You should know your competition. Know what makes them stand out or excel in their particular endeavor, and learn to identify what was done to bring the dog success. If you cannot honestly assess the dogs in the ring, that task may be impossible. A basic understanding of the rules and regulations, a thorough knowledge of your breed’s standard, and feedback from experienced owners are fundamental requirements to moving forward in the sport of dogs. Everyone has something to learn, and if you think you know it all, you are at a dead end. Maybe it is how one handler loose-leads a dog that might otherwise throw his front. Another trainer always has dogs that appear to enjoy going through their obedience or agility commands. How does one owner groom his dog’s neck so that it blends perfectly into its back, or groom the head so it looks long and smooth? Another highlights her dog’s movement by doing something as simple as making sure that her clothes do not get in the way of the dog and are not a distraction to the judge.

I believe you should be the toughest critic of your own dogs, your own training techniques, your own grooming, and your own breeding practices. To avoid rationalizing your way through many of the assessment issues, you may need to rely on the input of experienced dog owners and breeders who are not afraid to be honest with you. You must be willing to accept their sincere analysis. Criticism is never easy to endure, but if it is constructive, it is appreciated in the long run.

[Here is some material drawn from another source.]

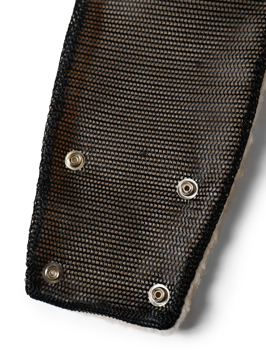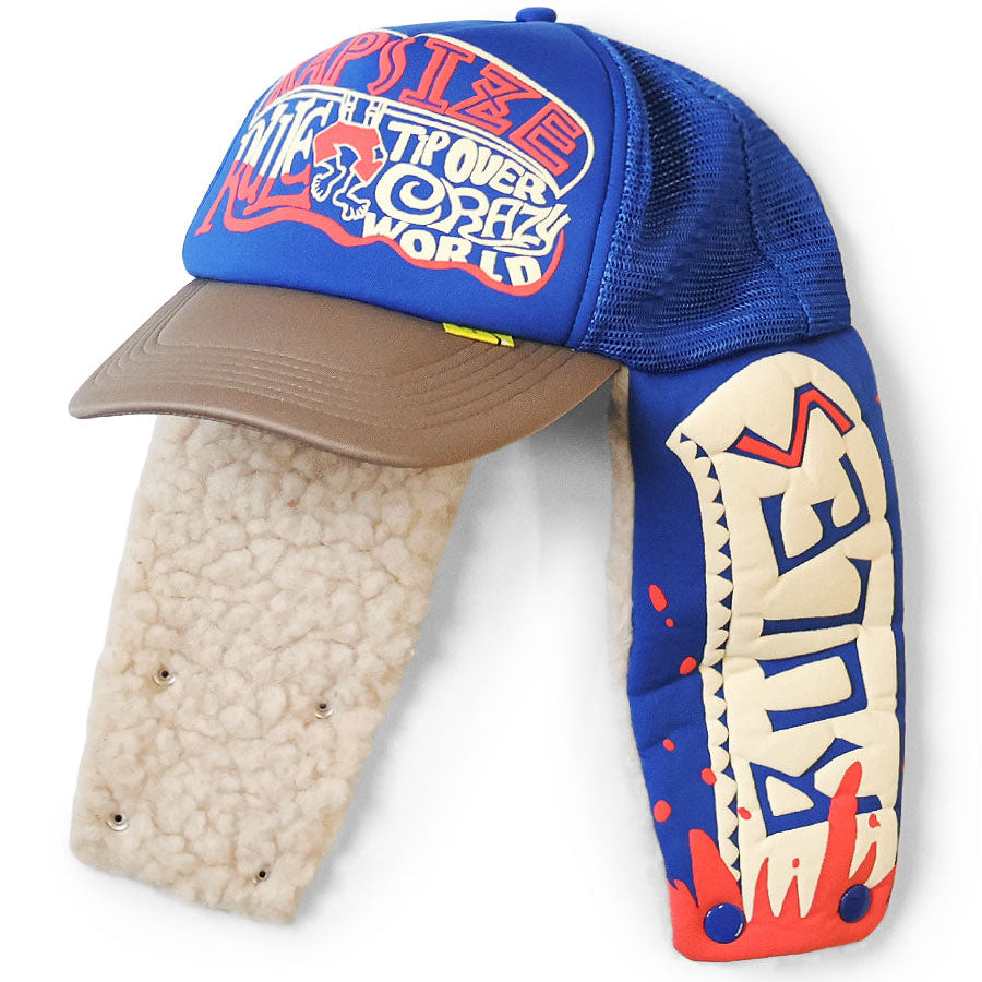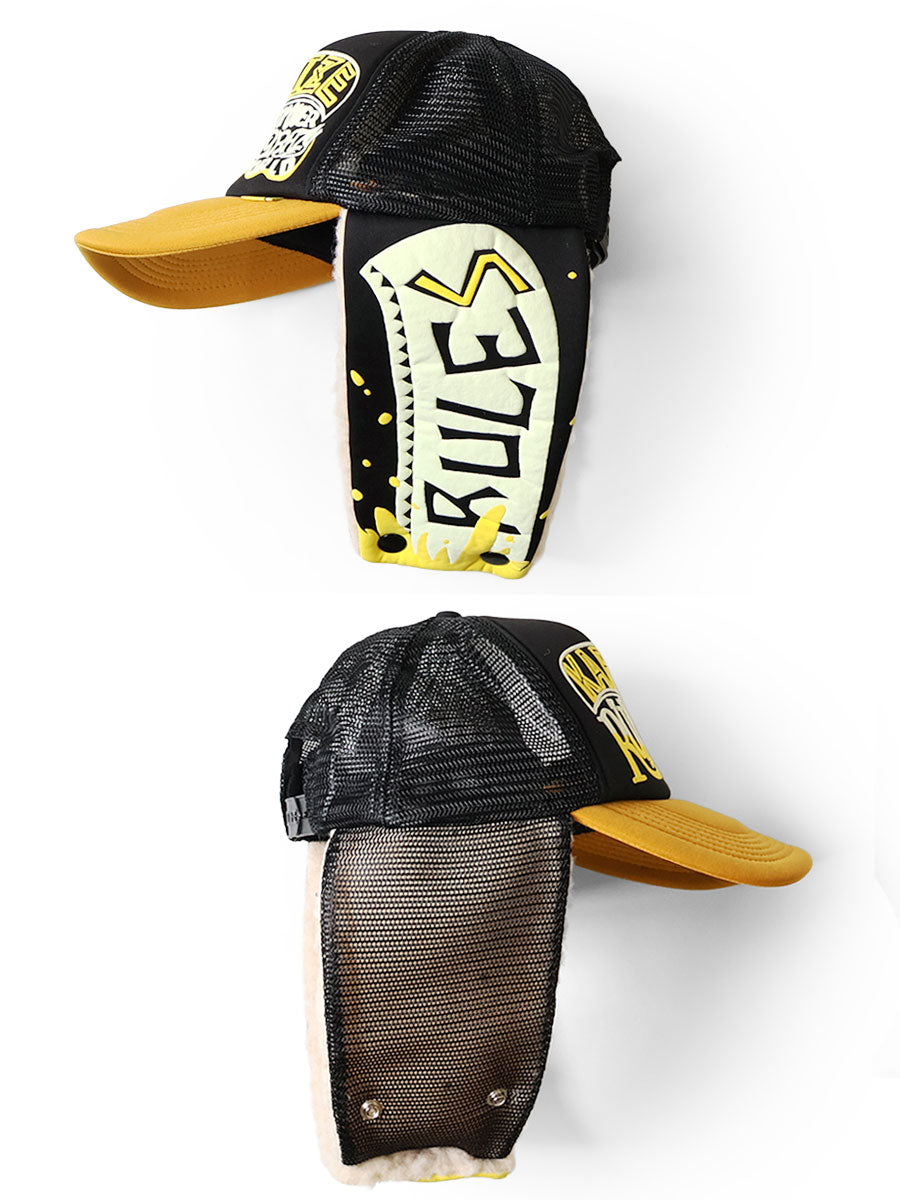 This trucker cap features earflaps made of boa material. The outside of the earflaps has a different design on each side, with a print on the left and a mesh material on the right. The earflaps have buttons so they can be fastened either on top of the head or under the chin.

Breeders often ask other experienced owners to evaluate their puppies in terms of both conformation and temperament. Their honest assessment helps the breeder to place the pups in the most appropriate new homes. Welcoming that type of advice is a great initial way to avoid the trap of being kennel blind. Why should inviting the help of other knowledgeable dog people stop there?

The feedback you receive from experienced owners and trainers should not end with the evaluation of the puppies, for it is with continued honest and frank dialogue that improvements in the breed are made. It is with unprejudiced assessment of our dogs and the dogs owned by others that everyone’s achievements can be appreciated.

This article appeared in the November, 2009, AKC Gazette and is reprinted with permission.